Error in soft-clipped location calculation

[jeremymchacon]

Hello,

I discovered a couple of bugs when working with this repo, in the perl scripts which detect the soft-clipped reads and output those as well as their position. The soft-clipped positions on the + strand are always off by a small amount, and the positions on the - strand are occassionally off by a variable amount. Below I describe the problem and what I think should fix it.

The problem is with generating the position of the soft-clipping (aka the poly-A location), in detect_from_soft_cliping_with_bam_file_polyT_beginning_based_on_S.pl, lines 59 and 117. These should not have +$index, because the position of the soft-clipped bases at the start of the read is the read POS from the sam file, which starts at the first MATCHED base (rather than the first matched base minus the number of preceding soft-clipped bases).

There is a related problem with detect_from_soft_cliping_with_bam_file_polyA_end_based_on_S.pl lines 57, 114. These currently treat the poly-A position as the position of the first match (the sam POS), plus the read length, minus the soft-clipped length at the end of the read. However, if there is soft-clipping at the beginning of the read, then using the total read length is misleading. Instead, a different way to get to the correct position is to add the sam POS to the number of matched bases plus the number of inserted bases (which should be rare anyways).

Hope this is useful! Thanks!

[RENXI-NUS]

Hi Jeremy,

Sorry for the late reply. As shown in the perl script, only the reads that are having at least three soft-clipping bases (in Cigar string if ($field1[5] =~ /^(([3-9]|[1-9]\d)S)/){ ) and three thymine (in the 5' end of read sequence if ($field1[9] =~ /^(T)\1{3,40}/){ ) would be kept in the soft-clipping read file. The polyT location (- strand) should be at the soft-clipping cleavage site. So you should have the +$index. That is similar for the polyA location (+ strand) prediction. Hope this clarifies.

[jeremymchacon]

Hello,

Thanks for the response. I think I may not have been clear, so please let me clarify.

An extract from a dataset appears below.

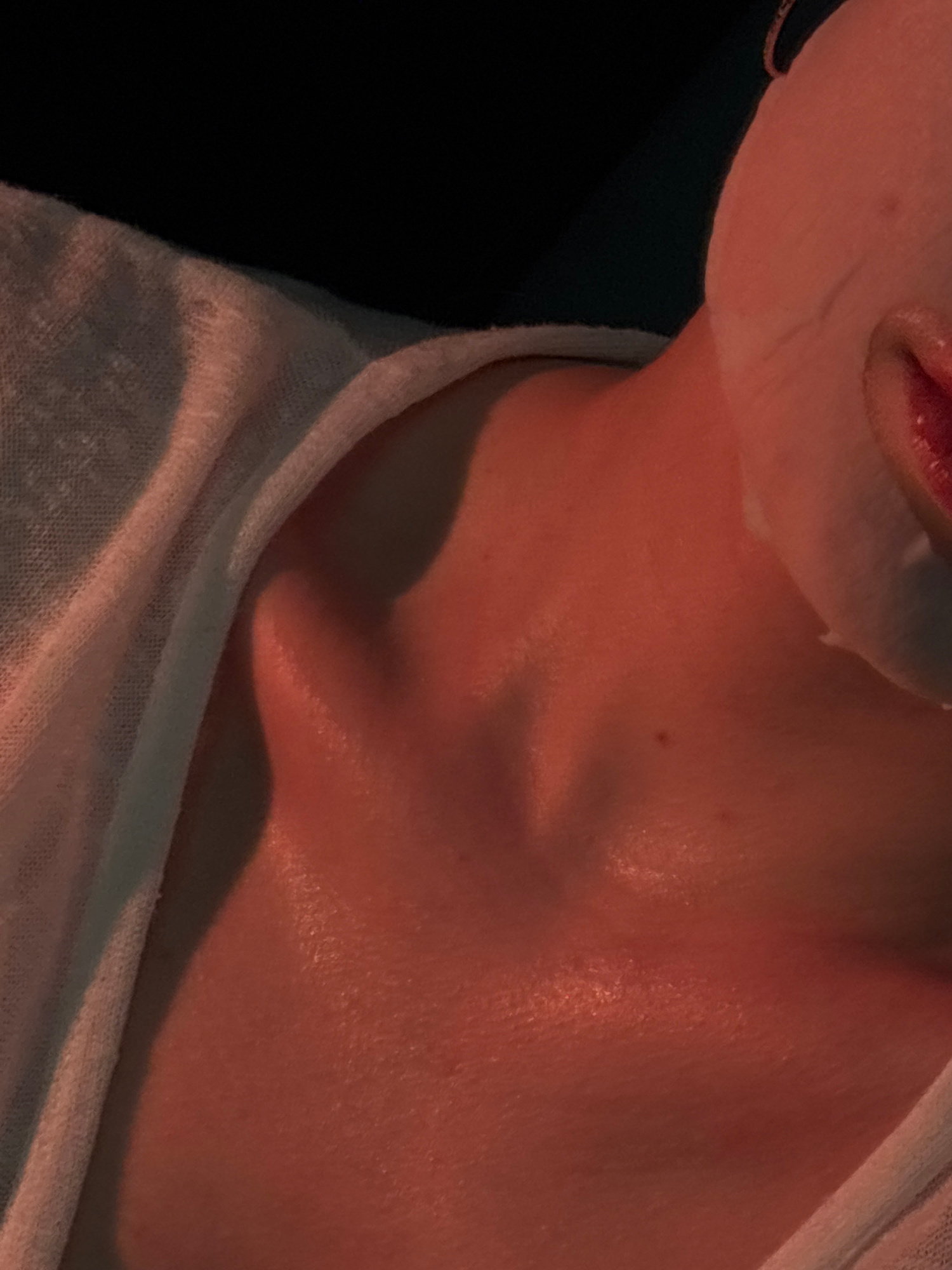 The image shows a close-up view of a person's neck and part of their face, specifically the mouth area. The skin appears reddish due to the lighting. A white substance, likely a skincare product, is v…read more

In a sam file, the POS field (field 3) is the position of the first matched base in the sequence. Since the soft-clipped part of the sequence did not match, these bases are not included when calculating POS. Put differently, in the diagram pasted in your message showing the TTTTT and the X, since the TTTTT didn't match, they will not be part of the calculation, and the POS will be the actual location where you have put X. In this example, $index = 5, since there are 5 soft-clipped bases. By adding $index to $field1[3] (POS), the script is placing the soft-clipped position 5 bases to the right of the X, which is incorrect, at least by my understanding of the process. The location of the soft-clipping is simply $field1[3]. I have added this info to the diagram to hopefully clarify.

The related issue with poly-A sites occurs if there is additionally soft-clipping at the beginning of the read (not the poly-A side). These should not be included in the IPA site calculation, because they don't match the genome, and so the poly-A site position should be the first matched position (field 3) plus the amount of matched bases. This is the sequence length minus the length of soft-clipping on both sides.

I've written a python script which solves these problems, let me know if you'd like to use it.

Best, Jeremy

[RENXI-NUS]

Hi Jeremy,

Thanks a lot for pointing out these problems. Yes, you are right. I have revised the Perl scripts accordingly. Appreciate it very much.